Local author Kate Mosse was one of the Co-Founders of the Orange Prize so it has more connections with the Chichester literati than you first might think. Quite fittingly, to celebrate the Orange Prize’s 16th anniversary, three award winning Chichester-based authors, Isabel Ashdown (Glasshopper, Myriad Editions, 2009; Hurry Up and Wait, Myriad Editions, 2011), Gabrielle Kimm (His Last Duchess, Sphere, 2010; The Courtesan’s Lover, Sphere, 2011) and Jane Rusbridge (The Devil’s Music, Bloomsbury, 2010) gathered last night to discuss their thoughts about this year’s shortlisted books.

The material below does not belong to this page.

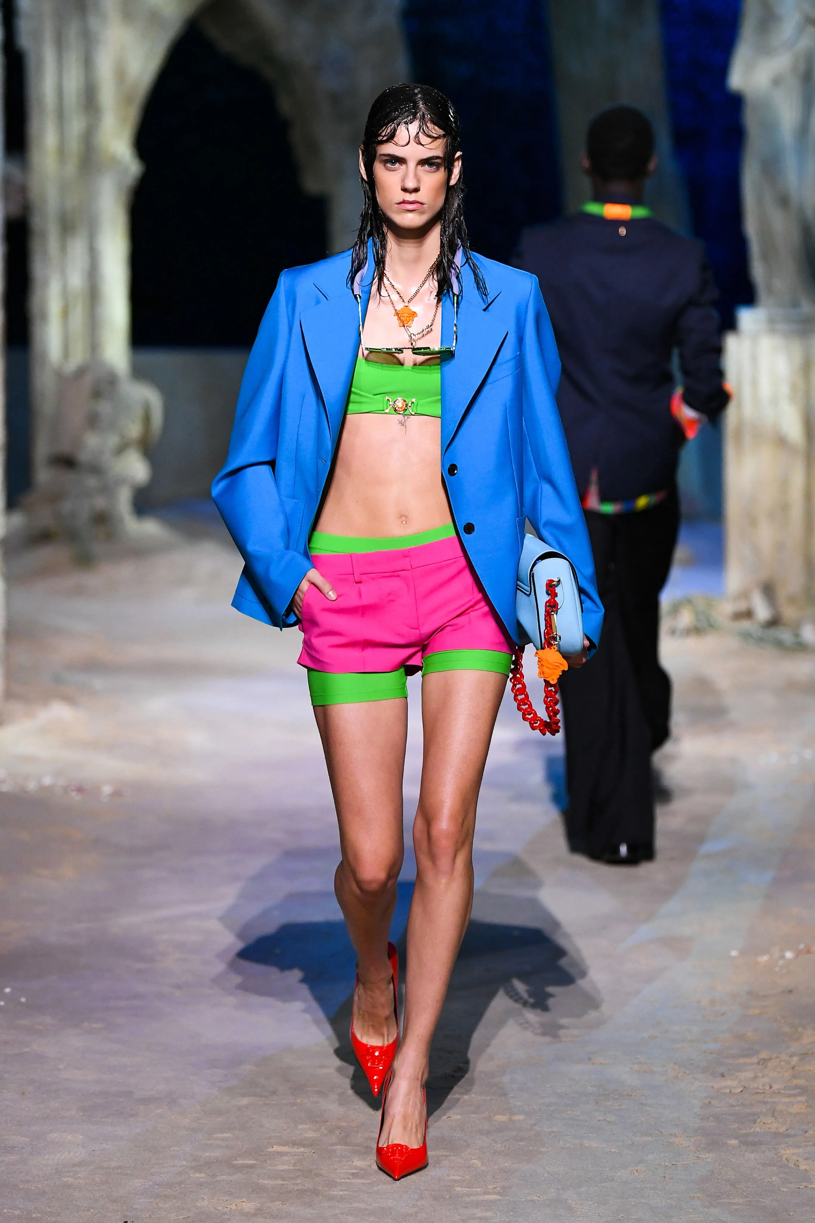 But if you want to stand out at the next summer event, pair highly saturated, neon pieces together. The sea-inspired SS21 Versace runway is an exceptional reference point for this bold styling.

This year’s Orange Prize for Fiction shortlist was:

  • Emma Donoghue (Irish) – Room; Picador; 7th Novel
  • Aminatta Forna (British/Sierra Leonean) – The Memory of Love; Bloomsbury; 2nd Novel
  • Emma Henderson (British) – Grace Williams Says it Loud; Sceptre; 1st Novel
  • Nicole Krauss (American) – Great House; Viking; 3rd Novel
  • Téa Obreht (Serbian/American) – The Tiger’s Wife; Weidenfeld & Nicolson; 1st Novel
  • Kathleen Winter (Canadian) – Annabel; Jonathan Cape; 1st Novel

The Memory of Love was a clear favourite of the Chichester writers for its excellent combination of plot, characters and writing. Grace Williams Says it Loud and Annabel also came high on their recommendation lists. There were certainly mixed feelings about Room, which was also shortlisted for the Man Booker Prize, and Great House, which was deemed quite hard going.

The book that didn’t exactly get thumbs up and was abandoned half way through reading by some of the panel, however, was The Tiger’s Wife. This was the one book that our West Sussex Copywriter went to last night’s bookchat with the biggest desire to read. The inclusion of folk and fairytale elements was a big draw and it got some fantastic reviews on BBC2’s The Review Show. The fact that it wasn’t a favourite of the Chichester writers panel actually made it even more intriguing and Katy became eager to form her own opinion.

After each book had been discussed the winner of the 2011 Orange prize for Fiction was announced. There was resounding shock throughout the panel and the Chichester Library audience as The Tiger’s Wife was named winner. This demonstrates how much individual opinions differ, especially between writers of different genres, and how reading a novel is such a personal experience. Téa Obreht is just 25 years old and Chichester Copywriter was pleased that such a young female writer was recognised. The best thing about the announcement, however, was that it wasn’t the obvious choice; there’s nothing worse than prizes where the winner is the bookies favourite.  A bit of surprise not only adds to the sense of occasion but also restores faith that not all is transparent.

Perhaps your favourite book wasn’t picked by this year’s judges but do not fear. The fact that it made the shortlist usually means it will receive ample publicity to make it a rip-roaring success. The Orange Prize for Fiction might have been founded to recognise the best in women’s fiction but it’s possible to get caught up in all the glitz and glamour of awards and accolades. Surely, being the people’s choice and climbing those best-seller charts is one of the greatest achievements of all for a female writer. It’s certainly what Chichester Copywriter’s Katy Lassetter aspires to achieve one day!